**ENTRIES PROVIDED:**
★ ★ ★ ★ ★
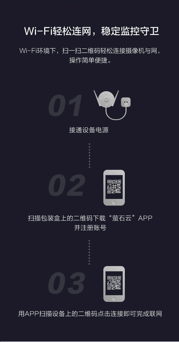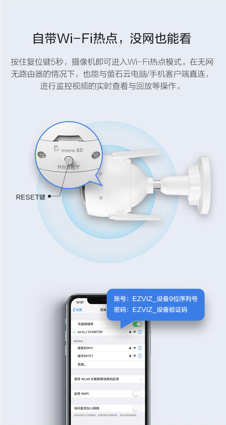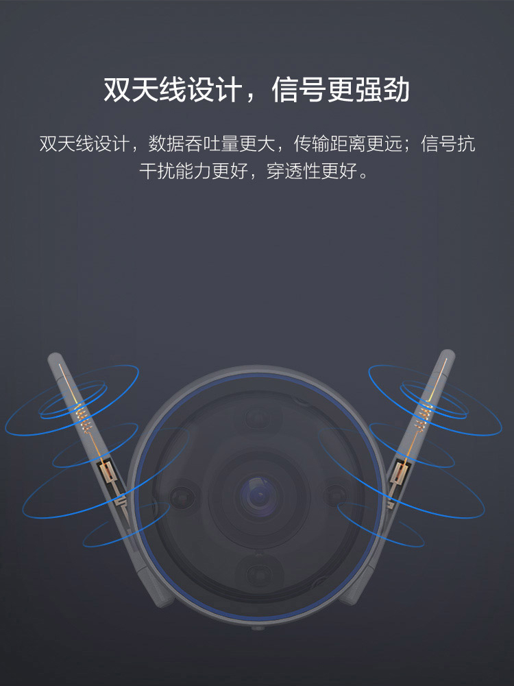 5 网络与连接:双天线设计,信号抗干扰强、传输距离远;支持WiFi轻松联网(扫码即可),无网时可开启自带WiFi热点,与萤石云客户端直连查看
★ ★ ★ ★ ★
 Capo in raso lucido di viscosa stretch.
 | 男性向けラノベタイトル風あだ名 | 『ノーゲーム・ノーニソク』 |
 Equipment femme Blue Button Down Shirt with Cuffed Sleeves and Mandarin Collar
★ ★ ★ ★ ★
**PROBLEM:** Set down exactly the lines of the data above, beginning with the line that has "Capo in raso lucido di viscosa stretch." and ending with the line that has "Equipment femme Blue", and no others.

**ANSWER SPACE:**
 Capo in raso lucido di viscosa stretch.
 | 男性向けラノベタイトル風あだ名 | 『ノーゲーム・ノーニソク』 |
 Equipment femme Blue Button Down Shirt with Cuffed Sleeves and Mandarin Collar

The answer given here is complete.